Would that be of any help the LM Studio has implemented MLX. And here is Anemll ANE library to work with MLX it is MIT Licensed. And there's FastMLX with an Apache 2.0 license.
anemll doesn't using mlx, it's convert model to coreml solve this
Another way to target the ANE is to use MPSGraph.
https://developer.apple.com/documentation/metalperformanceshadersgraph/mpsgraphoptimization/level1 MPSGraph optimisation Level1 triggers the placement pass which enables operators to execute on the CPU or NPU.

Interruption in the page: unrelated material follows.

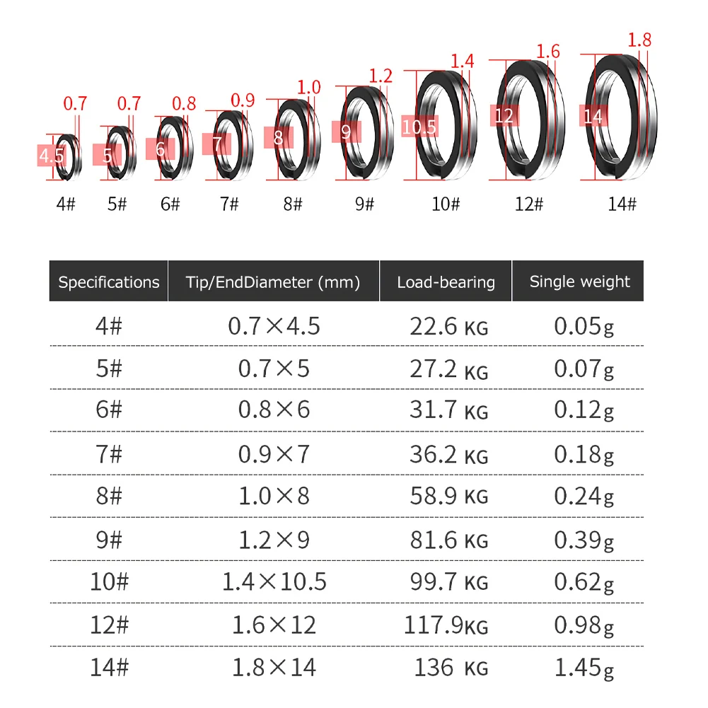 2. Ajuste preciso y de varios tamaños: cubriendo 4#, 5#, 6#, 7#, 8#, 9#, 10#, 12# y otras especificaciones, sin importar el tipo de anzuelos, señuelos o grupos de pesca que combine, puede encontrar con precisión los anillos divididos más adecuados para satisfacer las necesidades de escenarios de pesca diversificados.

You might also want to enable https://developer.apple.com/documentation/metalperformanceshadersgraph/mpsgraphcompilationdescriptor/reducedprecisionfastmath.
The advantage of going that route is that you can build the graph at runtime rather than relying on CoreML. That said wonder how brittle it actually is (it's actually what PyTorch uses) and whether it'd make sense for it to coexist with the current Metal backend...
However as a limit to highlight: for quantisation, it's worth noting that the dequant provided only supports 4/8-bit elements: https://developer.apple.com/documentation/metalperformanceshadersgraph/mpsgraph/dequantize(_:luttensor:axis:name:) which is probably quite a roadblock blocking relying solely on MPSGraph...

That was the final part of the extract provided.